Query Expansion: Generating Better Search Terms

Query expansion augments a user's original query with semantically related variants—paraphrases, synonyms, and implicit sub-queries—to improve recall in hybrid retrieval systems. A user asking "What is transformer attention?" may use different terms than documents in your corpus. Query expansion generates variants like "How do transformers use attention mechanisms?" and "Self-attention in neural networks", embedding and searching each variant, then merging results. This multi-query approach addresses the vocabulary gap between user intent and corpus terminology, particularly valuable for dense retrieval (which improves on synonyms) and sparse retrieval (which benefits from term diversity). Published benchmarks show query expansion improves retrieval NDCG@10 by 8–15%, with latency cost of <100 ms for most expansion methods. For RAG systems with diverse corpora (books, technical docs, web content), query expansion is a high-ROI component of hybrid retrieval pipelines.

Query Expansion Methods

Several methods exist for generating query variants, with different trade-offs:

LLM-Based Paraphrasing (Strongest Quality, Higher Cost): Use an LLM to generate 3–5 paraphrases of the original query:

import anthropic

client = anthropic.Anthropic()

def expand_query_with_llm(query: str, num_variants: int = 4) -> list[str]:
    """Generate query paraphrases using Claude"""
    
    message = client.messages.create(
        model="claude-3-5-sonnet-20241022",
        max_tokens=200,
        messages=[{
            "role": "user",
            "content": f"""Generate {num_variants} alternative phrasings of this search query. 
            Each variant should be natural, between 5-15 words, and capture the same intent.
            
            Original query: "{query}"
            
            Return only the variants, one per line, without numbering or quotes."""
        }]
    )
    
    variants = message.content[0].text.strip().split('\n')
    return [v.strip() for v in variants if v.strip()]

# Example
original = "transformer attention mechanism"
variants = expand_query_with_llm(original)
print(f"Original: {original}")
print("Variants:")
for v in variants:
    print(f"  - {v}")

# Output:
# Original: transformer attention mechanism
# Variants:
#   - How do attention mechanisms work in transformers?
#   - Self-attention in transformer neural networks
#   - Scaled dot-product attention in deep learning
#   - What is the attention mechanism used by transformers?

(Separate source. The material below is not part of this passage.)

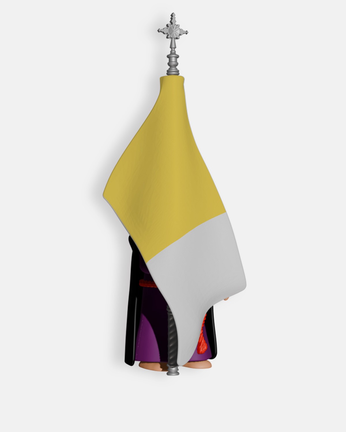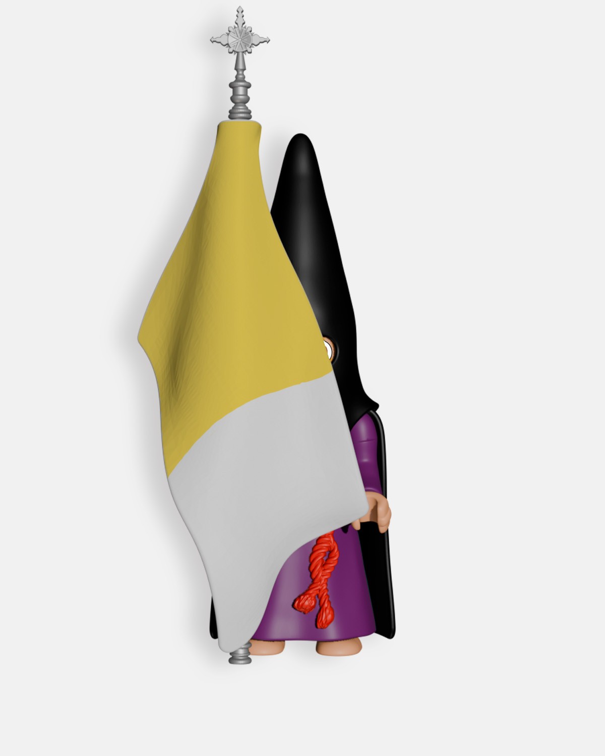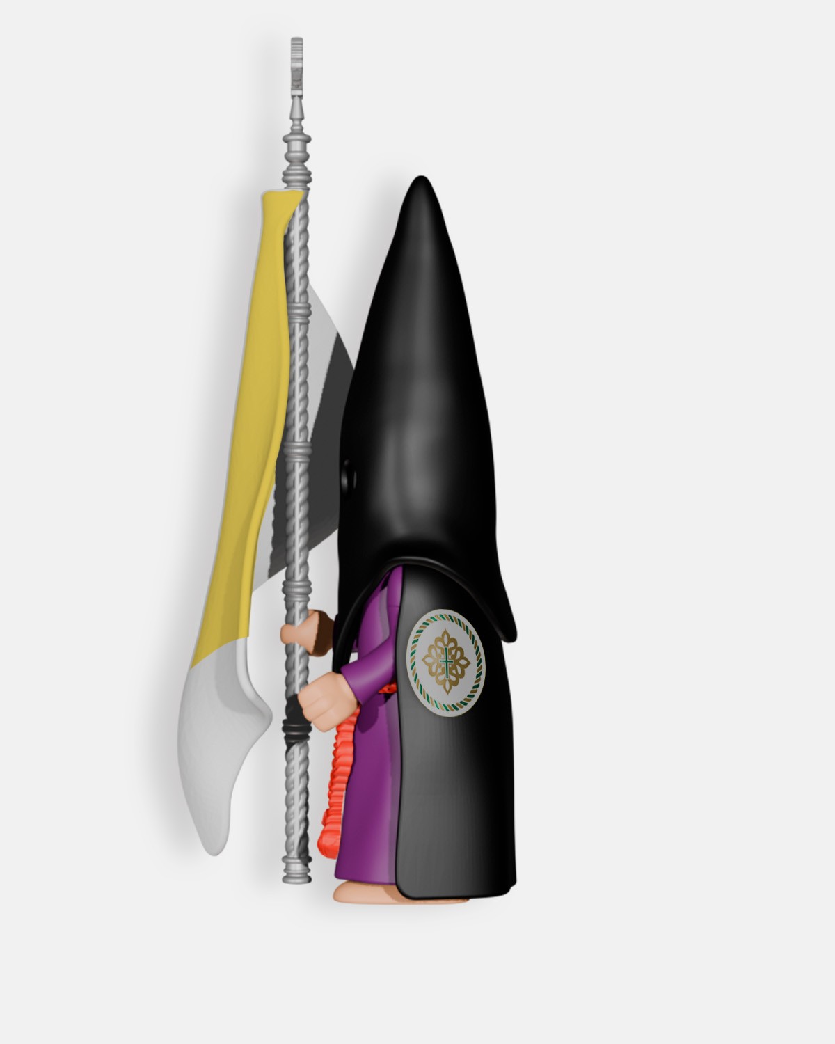 El Nazareno Negro Bandera Pontificia B3005 de Artabán Juguetes reproduce un nazareno con túnica morada, capa negra, antifaz negro y cíngulo rojo, sosteniendo la Bandera Pontificia, inspirado en los desfiles procesionales de Semana Santa. La Bandera Pontificia se utiliza para marcar el comienzo de un nuevo tramo en la procesión y representa el poder espiritual del Papa, con los colores blanco y amarillo simbolizando las llaves de San Pedro.

Synonym Extraction (Fast, Precise): Use a thesaurus or NLP library to extract synonyms for key query terms:

import nltk
from nltk.corpus import wordnet

def expand_query_with_synonyms(query: str) -> list[str]:
    """Generate query variants using WordNet synonyms"""
    
    tokens = query.lower().split()
    expanded = [query]  # Include original
    
    for token in tokens:
        synsets = wordnet.synsets(token)
        if synsets:
            synonyms = set()
            for synset in synsets:
                for lemma in synset.lemmas():
                    synonyms.add(lemma.name().replace('_', ' '))
            
            if synonyms:
                # Generate variants with each synonym
                for synonym in list(synonyms)[:2]:  # Use top 2
                    variant = query.replace(token, synonym)
                    if variant not in expanded:
                        expanded.append(variant)
    
    return expanded

# Example
query = "transformer attention"
variants = expand_query_with_synonyms(query)
# variants = ['transformer attention', 'transformer tending', 'converter attention']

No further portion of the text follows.